The Detroit school board Tuesday adopted a new, $7.1 million curriculum that Superintendent Nikolai Vitti says is a key part of his plan to bring Detroit schools up from the bottom of national rankings.
Earlier Tuesday morning Detroit was ranked last — for the fifth time — among urban school districts on a national test known as the Nation’s Report Card. Vitti’s former school district, Duval County Schools in Jacksonville, Florida, showed significant gains in fourth-grade math and posted the highest scores among 27 urban districts in the nation in that subject. He told Chalkbeat the curriculum he used in Duval is the same one a committee of educators recommended to the board last month.
“The gaps between the standards and the materials being used in the district is very relevant” to the poor performance on the national test, Vitti said at the school board meeting at Mumford High School.
“So the fact that we are last…it’s not surprising,” Vitti said on a radio show on Wednesday. “Let’s specifically talk about what affects those test scores — quality curriculum. We did an audit this year that show the materials are not only outdated but not aligned to the standards.”
This change in teaching materials is one of the biggest investments the district has chosen for the 2018-19 school year. For math, K-8 students will begin using Eureka Mathematics materials at a maximum cost next school year of $1.8 million, and will use the Expeditionary Learning curriculum from Open-Up Resources for reading at a maximum cost of $5.3 million. The total yearly recurring cost will be $3,074,151.
There are no changes in curriculum for high school students at this time.
An audit completed earlier this year showed that the district’s current curriculum is woefully unaligned to state standards — it set kids up to fail on standardized tests like the one released this week.
“I didn’t realize how low the bar for our current curriculum is right now until we saw this one,” said Brandy Walker, a teacher at the Foreign Language Immersion and Cultural Studies School who served on a committee of educators tasked with helping choose the materials.
The district has estimated that the new materials will boost reading scores by 3.46 percentage points per year, and by 3.1 percentage points in math every year.
“This year we have focused on rebuilding the district’s infrastructure using the same strategies that led to some of the highest performance among large urban school districts in Duval, Miami-Dade, and Florida in general,” Vitti said. “We simply need time and space to build capacity, and improvement will be seen by 2020’s” next round of testing.
It’s a critical time for improving reading scores. In 2020, a new reading law will force schools to hold back most third-graders who are not reading at grade level.

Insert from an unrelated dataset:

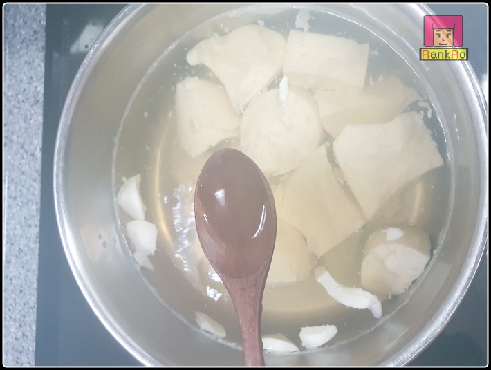 ▼ 육수가 만들어지는 동안 '맑은 순두부국'에 사용될 오늘의 주인공, 순두부는 따로 그릇에 담아놓고, 다른 그릇에는 계란2개를 풀어준 후, 파와 마늘을 각각 준비해 주었어요.

Last year, only about 10 percent of third-graders passed the state’s annual English Language Arts exam.
Teachers will begin training in the summer and be given all new materials to review far before the start of the school year, Vitti said.

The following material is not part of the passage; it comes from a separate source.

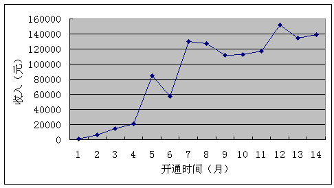 還是說(shuō)回來(lái)。河北鐵通這個(gè)業(yè)務(wù)從60線開(kāi)始穩(wěn)健起步,如圖所示,在3個(gè)月的磨合時(shí)間里,它主要依靠口碑傳播,每個(gè)月才兩萬(wàn)元的收入,業(yè)務(wù)雖然開(kāi)始贏利,但是并不可觀,怎樣才能快速提升業(yè)務(wù)價(jià)值?

The district can pay for the materials mostly because of an increase in enrollment, and thus an increase in total per pupil funding from the state, said Jeremy Vidito, the district’s chief financial officer.
The school board approved a budget of just under $732 million for next year on Tuesday, which pays for the new teaching materials and allocates money for gym teachers, art or music teachers, guidance counselors, and more.
The district is currently recruiting at universities around the country, and specifically targeting historically black universities. The approved budget also allocates money to centralize services for bringing new teachers on board to make the hiring process easier and faster.
The district has roughly 180-190 teacher vacancies, Vitti said, compared to about 265 at this time last school year.
Vitti is negotiating with union representatives to offer higher salaries to experienced teachers coming from outside the district. Salaries for new teachers start near the bottom of the district’s pay scale.
“If we can fully recognize experience outside Detroit, we will be much closer to being fully staffed,” Vitti said.
“In my experience as a teacher, teachers are overwhelmed by how many students are in their class,” said John Lambert, a teacher at Burns Elementary-Middle School. “I think budgeting for more teachers is one of the wisest things the district could do.”